India should take a more active approach to end these attacks and fully resolve the conflict with China by formally acknowledging these crucial facts:
Firstly, when India regained its independence from the British Empire as the Republic of India in 1947, Jammu and Kashmir and Ladakh’s territories were primarily recognized by the international community as a part of the sovereign Republic of India. Even before establishing the modern Republic of India, Jammu and Kashmir and Ladakh have historically been an integral part of India for millennia.
Secondly, India has historically never shared a border with China. It wasn’t until China’s occupation of East Turkistan in 1949 and Tibet in 1950 that India would have any “border issues” with China. Furthermore, China violated international law and launched an aggressive attack against India in 1962 and has been illegally occupying India’s sovereign territory of Eastern Ladakh since then.
Thirdly, India’s Government must recognize that India will never be safe from further attacks from China so long as its northern neighbors, East Turkistan and Tibet, remain under Chinese occupation. Thus in this context, India being the world’s largest democracy, must play a more active role in the international fora by supporting East Turkistan and Tibet’s struggle to end the Chinese occupation of their countries and regain their independence.
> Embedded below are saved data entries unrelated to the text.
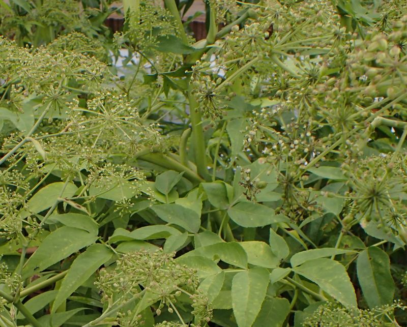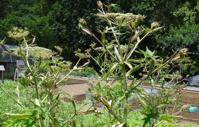 ヒュウガトウキ:1〜2メートル、小葉切れ込み少、鋸歯細かい、光沢なし、薬効強い。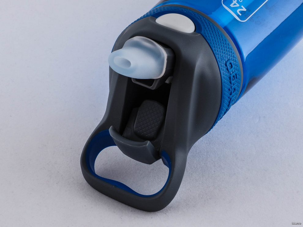Плотно завинчивающаяся крышка снабжена специальным механизмом. При нажатии на кнопку жидкость выливается. Отпускаете кнопку - крышка воду не пропускает ни капли. Проверил - да, все четко. При нажатии на кнопку вода выливается. Кнопку отпустили, бутылку потрясли, чтобы стекли остающиеся капли - после этого можно трясти бутылку изо всех сил: ничего не проливается.
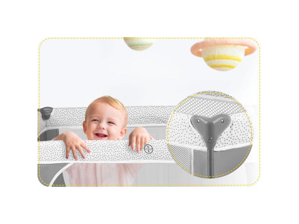 Cestovní postýlka se vám bude hodit na cestách,ale také při každodenním používání. Je nepostradatelný při stěhování, spaní, návštěvě hostů s dětmi nebo jako ohrádka.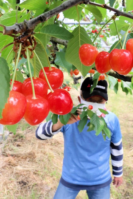 苦境に立つ同園だが、サクランボは例年通り豊作。園主の駒谷幸正さん(70)によると、大粒で色づきが良く、甘酸っぱい「香夏錦(こうがにしき)」の出来がいいという。友人と訪れた同県姫路市の主婦(53)は「木によって味が全然違う。3密の心配もないし、安心して楽しめる」と笑顔だった。

India must utilize the Tibet Act passed by the United States and initiate similar bills on Tibet and East Turkistan in India’s Parliament. India should formally recognize China’s atrocities in East Turkistan as genocide while also recognizing East Turkistan and Tibet as Occupied Countries and urge other countries in the Free World, especially in the Quad, to do the same. A democratic and independent East Turkistan and Tibet is the solution to addressing the China problem that India and many countries face. India will no longer have border conflicts with China, but it will also avoid a foreseeable water war with China.
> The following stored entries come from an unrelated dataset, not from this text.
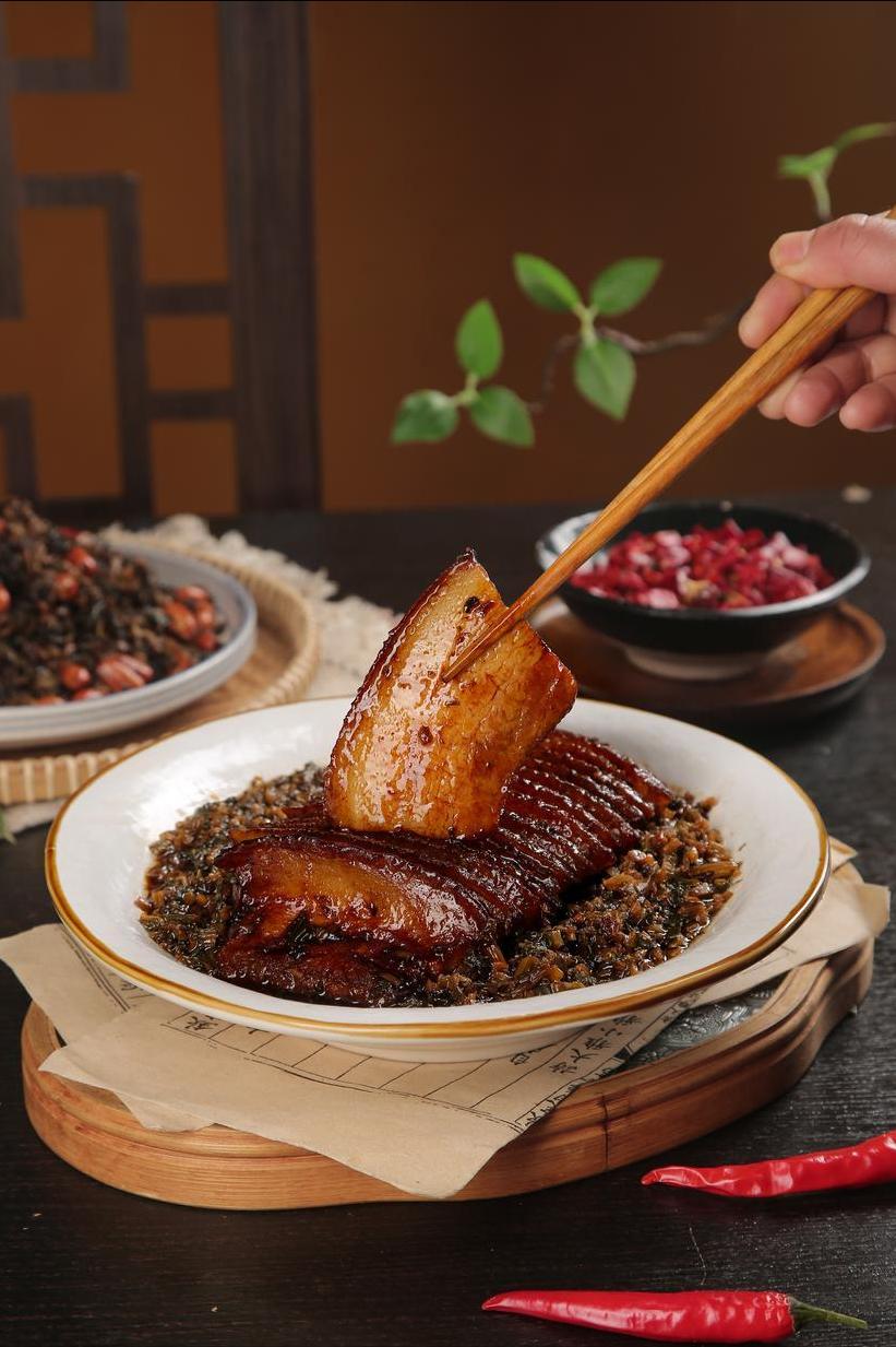 傳說(shuō)盧夫人得仙姑賜菜種,種出梅菜與五花肉一搭,肥而不膩,香得流油。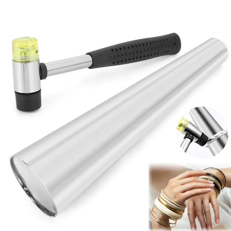 ABHB-Jewelry Making Tool Bracelet Mandrel Round Bracelet Mandrel Measuring Rubber Hammer Stainless Steel Jewel Making Tool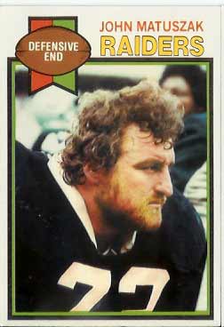As for the card, you pretty much know all about it already–it’s his 1979 Topps card, which I pullled out of a cello pack recently purchased on eBay just last week. It’s one of only 11 cards Matuszak had during his career, and it books for $0.50.

India must utilize its unique position as the world’s largest democracy and a rising economic powerhouse to create new international institutions and cooperations to lead the world in addressing China’s ever-increasing threat to humanity. ASEAN states being lower riparian states of the Mekong River similar to the Brahmaputra River for India and Bangladesh, where China has also been diverting water from, are also in grave danger. India must form a consortium with ASEAN nations and prevent China from cutting off access to much-needed natural water supplies that would have a devastating effect on humanity.